The entries shown here must be retyped in full, with no pictures included.

[Items from a data source]
Segment Open
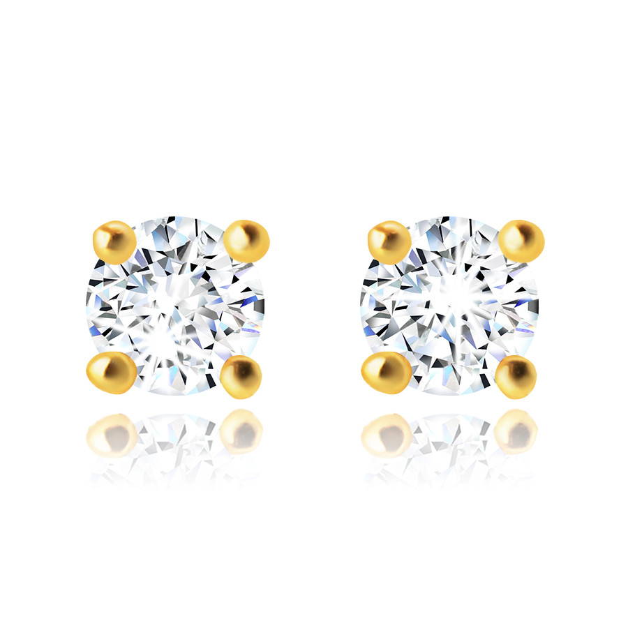 Diamantové náušnice ze žlutého 585 zlata - briliant čiré barvy v kotlíku
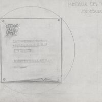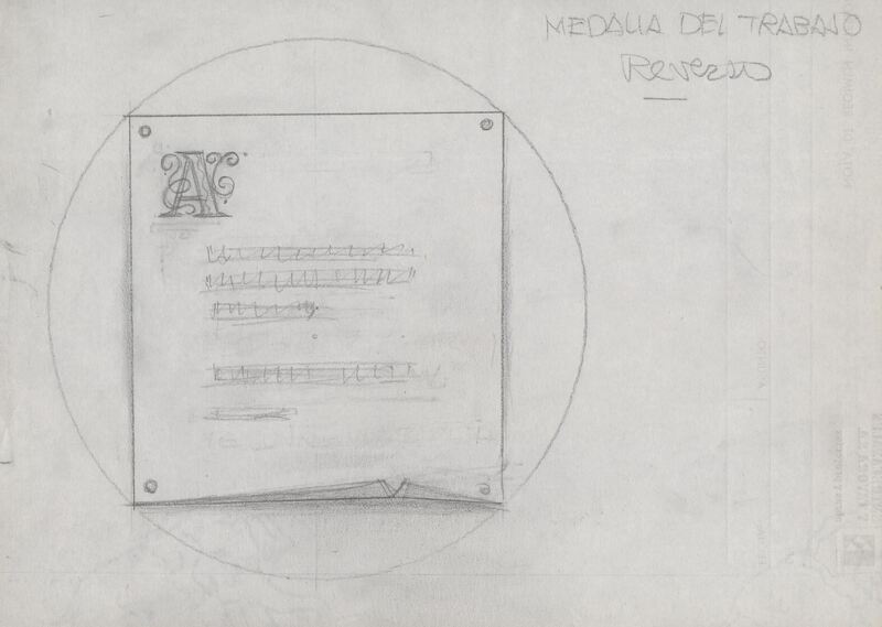 - Boceto a lápiz del reverso de la medalla conmemorativa al trabajo con la imagen de una hoja inscrita en un círculo, cuyas anotaciones están tachadas y en una de sus esquinas superiores la letra mayúscula A.Numismática Iberica
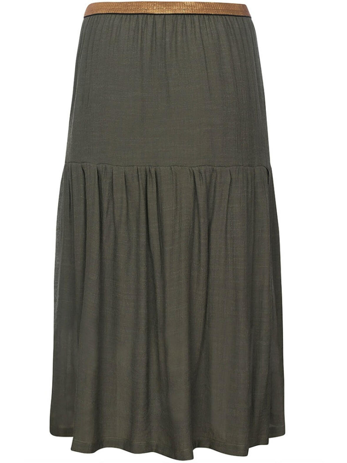 Karitas maxi nederdel med en enkelt flæse. Nederdelen har guld lurex elastikkant foroven. Nederdelen er foret til knæene. Flot oliven grøn farve. Lækker og let kreppet kvalitet. 60 % viscose og 40 % polyester. Vask ved 40 grader. Max krymp optil 5 %.
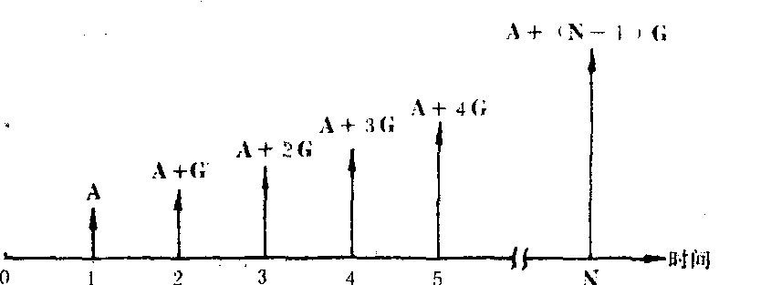 图2-7 ❹递增年值G。这是属于分期但不等额支付或收入的现金流。其特点是从第二年年末开始,其费用每年以一定的金额递增,一直到第N年。也可以从第二年开始,其费用以一定的金额递减,一直到第N年。这种现金流由两个部分组成,一是其年值A,二是差额G。递增年值流图示如图2-8:
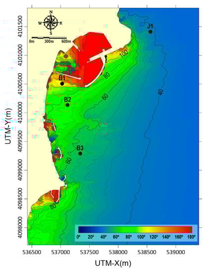 Considering the wave climate in the study area, where the wave conditions are more energetic in the winter, the field experiment in the present study was conducted for 46 days from 15 December 2019 to 29 January 2020, when the storm waves ( > 2 m) frequently attacked the study site. In this period, an AWAC (acoustic wave and current profiler, Nortek, Rud, Norway) was moored in J1, in front of the cape, as shown in Figure 1b, to observe the wave conditions outside the port. At the same time, vector velocimeters by Nortek were moored at the three wave stations of B1, B2, and B3 (Figure 1b). B1 was located just behind the BW outside JP at a depth of 5 m, which had its position within the shadow zone formed behind the BW. Therefore, the waves that reached B1 would be transformed by the diffraction. B2 was located near the border of the shadow zone at a depth of 10 m, considering that the majority of the waves approached in the NE direction in this area, specifically during the time of the field experiment, as shown in Figure 2a. In case of B3, the vector was located outside the shadow zone, ~870 m south of B2 along the coast at a depth of 10 m. The positions of B1, B2, B3, and J1 were determined to observe the wave transformation along the propagation paths toward the port, during the field experiment. It is to be noted that in the lee (shoreward) of B3, the HB and SB were located as shown in Figure 1b, which provided the complex feature of the shorelines, specifically in the lee area of B3.
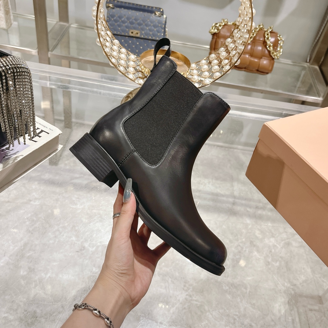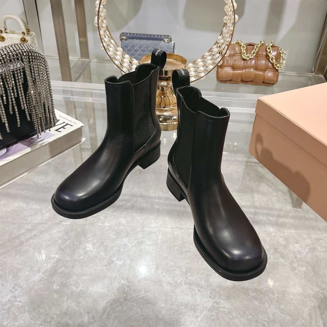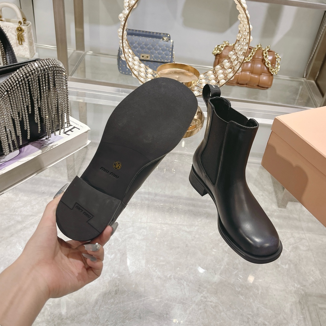 The boots are set on a durable rubber lug sole that offers excellent grip, making them ideal for all-day wear. A low block heel adds a touch of elevation without sacrificing comfort, and the subtle Miu Miu logo on the pull tab serves as a discreet nod to the brand’s iconic luxury.
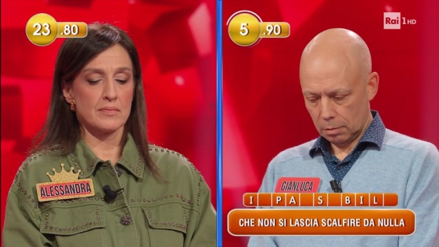 Dopo un inizio scattante, è rimasto fregato da “una tutina per neonato” la cui risposta era “pagliaccetto“. In particolare, questa domanda gli ha fatto perdere diversi secondi, che poi gli sono costati l’eliminazione. Di fatto, solo dopo due domande, è rimasto bloccato nuovamente.
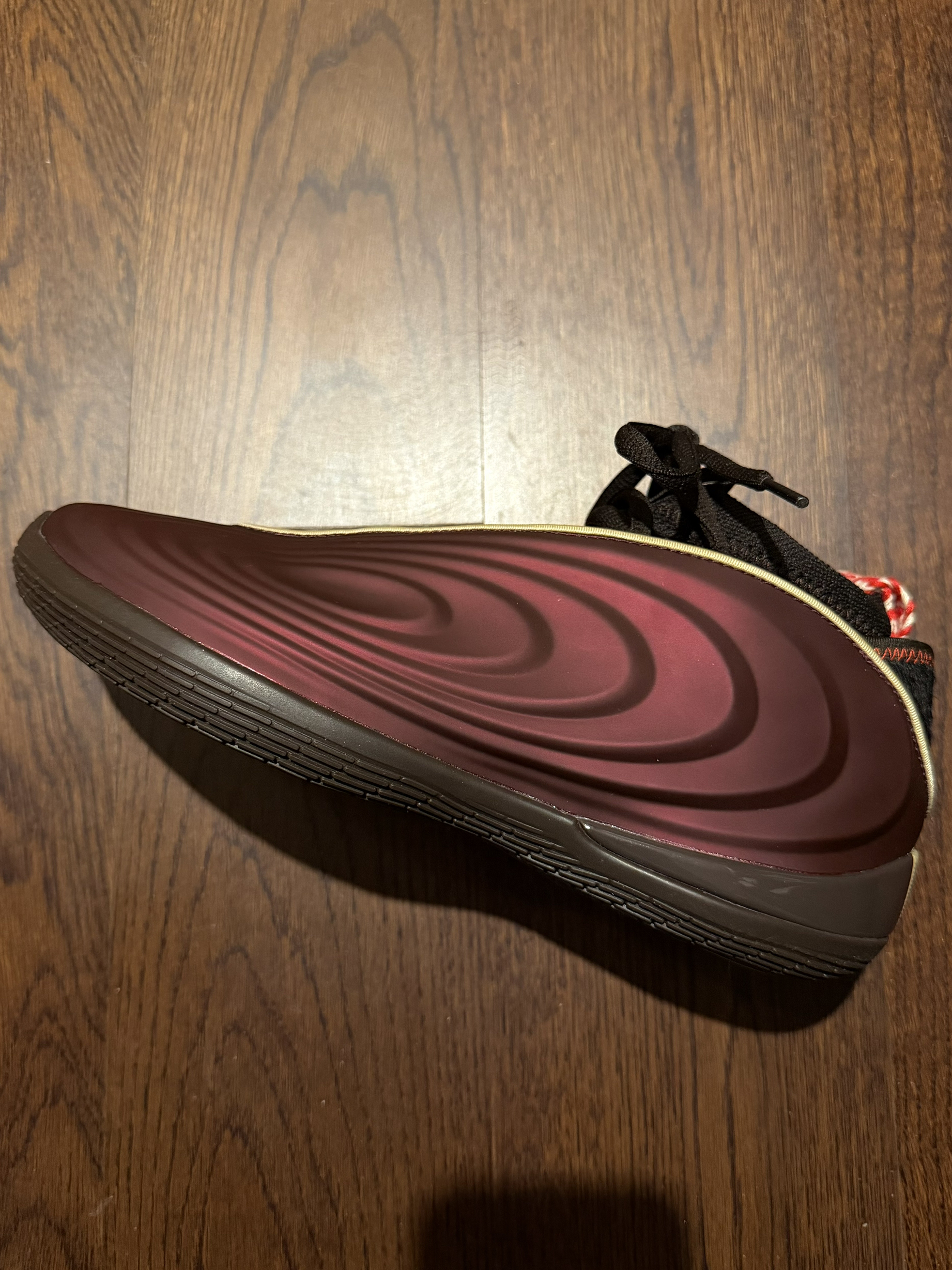 颜值:酒红主调+后跟人造马毛+红白拉环,年味与质感拉满 配置:全掌LightBoost+Lightstrike Pro 2.0,缓震上限不错 实战:X型TPU抗扭,变向稳、防侧翻在线;径向纹路抓地出色,适配节奏型打法 小结:颜值与实战兼备,马年主题细节到位,收藏实战两相宜
Segment Closed
◆ **Result below**:
 Diamantové náušnice ze žlutého 585 zlata - briliant čiré barvy v kotlíku
 - Boceto a lápiz del reverso de la medalla conmemorativa al trabajo con la imagen de una hoja inscrita en un círculo, cuyas anotaciones están tachadas y en una de sus esquinas superiores la letra mayúscula A.Numismática Iberica
 Karitas maxi nederdel med en enkelt flæse. Nederdelen har guld lurex elastikkant foroven. Nederdelen er foret til knæene. Flot oliven grøn farve. Lækker og let kreppet kvalitet. 60 % viscose og 40 % polyester. Vask ved 40 grader. Max krymp optil 5 %.
 图2-7 ❹递增年值G。这是属于分期但不等额支付或收入的现金流。其特点是从第二年年末开始,其费用每年以一定的金额递增,一直到第N年。也可以从第二年开始,其费用以一定的金额递减,一直到第N年。这种现金流由两个部分组成,一是其年值A,二是差额G。递增年值流图示如图2-8:
 Considering the wave climate in the study area, where the wave conditions are more energetic in the winter, the field experiment in the present study was conducted for 46 days from 15 December 2019 to 29 January 2020, when the storm waves ( > 2 m) frequently attacked the study site. In this period, an AWAC (acoustic wave and current profiler, Nortek, Rud, Norway) was moored in J1, in front of the cape, as shown in Figure 1b, to observe the wave conditions outside the port. At the same time, vector velocimeters by Nortek were moored at the three wave stations of B1, B2, and B3 (Figure 1b). B1 was located just behind the BW outside JP at a depth of 5 m, which had its position within the shadow zone formed behind the BW. Therefore, the waves that reached B1 would be transformed by the diffraction. B2 was located near the border of the shadow zone at a depth of 10 m, considering that the majority of the waves approached in the NE direction in this area, specifically during the time of the field experiment, as shown in Figure 2a. In case of B3, the vector was located outside the shadow zone, ~870 m south of B2 along the coast at a depth of 10 m. The positions of B1, B2, B3, and J1 were determined to observe the wave transformation along the propagation paths toward the port, during the field experiment. It is to be noted that in the lee (shoreward) of B3, the HB and SB were located as shown in Figure 1b, which provided the complex feature of the shorelines, specifically in the lee area of B3.
 The boots are set on a durable rubber lug sole that offers excellent grip, making them ideal for all-day wear. A low block heel adds a touch of elevation without sacrificing comfort, and the subtle Miu Miu logo on the pull tab serves as a discreet nod to the brand’s iconic luxury.
 Dopo un inizio scattante, è rimasto fregato da “una tutina per neonato” la cui risposta era “pagliaccetto“. In particolare, questa domanda gli ha fatto perdere diversi secondi, che poi gli sono costati l’eliminazione. Di fatto, solo dopo due domande, è rimasto bloccato nuovamente.
 颜值:酒红主调+后跟人造马毛+红白拉环,年味与质感拉满 配置:全掌LightBoost+Lightstrike Pro 2.0,缓震上限不错 实战:X型TPU抗扭,变向稳、防侧翻在线;径向纹路抓地出色,适配节奏型打法 小结:颜值与实战兼备,马年主题细节到位,收藏实战两相宜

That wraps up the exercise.